The practice and optimization of data Lake Iceberg in Xiaomi

肖杰宝

Chinese Session 2023-08-18 15:45 GMT+8  #datalake

Introduction: This sharing focuses on introducing the reasons and current situation of Xiaomi’s internal introduction of Iceberg, as well as the practice of using Iceberg to upgrade its business architecture, including the optimization of Iceberg Parquet file filtering capability, and the evolution and landing of managed table optimization service architecture.

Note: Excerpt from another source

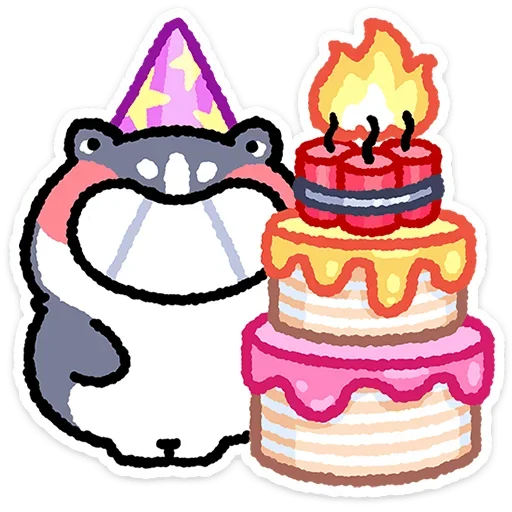 Um desenho de um animal cinza e branco com uma expressão feliz ao lado de um bolo de aniversário com velas acesas e chamas.

Outline:

  • Why Iceberg is introduced and its current situation This paper introduces the reason why Iceberg is introduced in Xiaomi and the current production state of Iceberg in Xiaomi
  • Lakehouse architecture upgrade practice It is divided into two parts: table upgrade practice and business architecture upgrade practice. The table upgrading practice mainly describes how to upgrade Hive tables into Iceberg tables and how to make them into products. The service architecture upgrade practice mainly brings practical services to obtain greater benefits by upgrading links to the lake architecture
  • Function Optimization This paper mainly introduces the reading principle of Iceberg and the development of the Parquet Page Index feature, further enhancing Iceberg’s Data Skipping capability. It also discusses the integration of Parquet encryption capability in Iceberg to achieve column-level data encryption
  • Construction and evolution of managed table optimization services This paper mainly introduces the issues encountered and the system architecture before the launch of the managed table optimization service, as well as the supported optimization task types, table monitoring, and other related content
  • Future Planning This paper mainly introduces the work that Xiaomi will carry out based on Iceberg in the future, such as index construction, hybrid cloud architecture for storage, intelligent data lake warehouse, and cache acceleration, etc

Speakers:


Xiao Jiebao: Xiaomi, Software development engineer, Xiaomi software research and development engineer, currently mainly responsible for the research and development of Xiaomi’s internal data lake Iceberg core and table optimization services.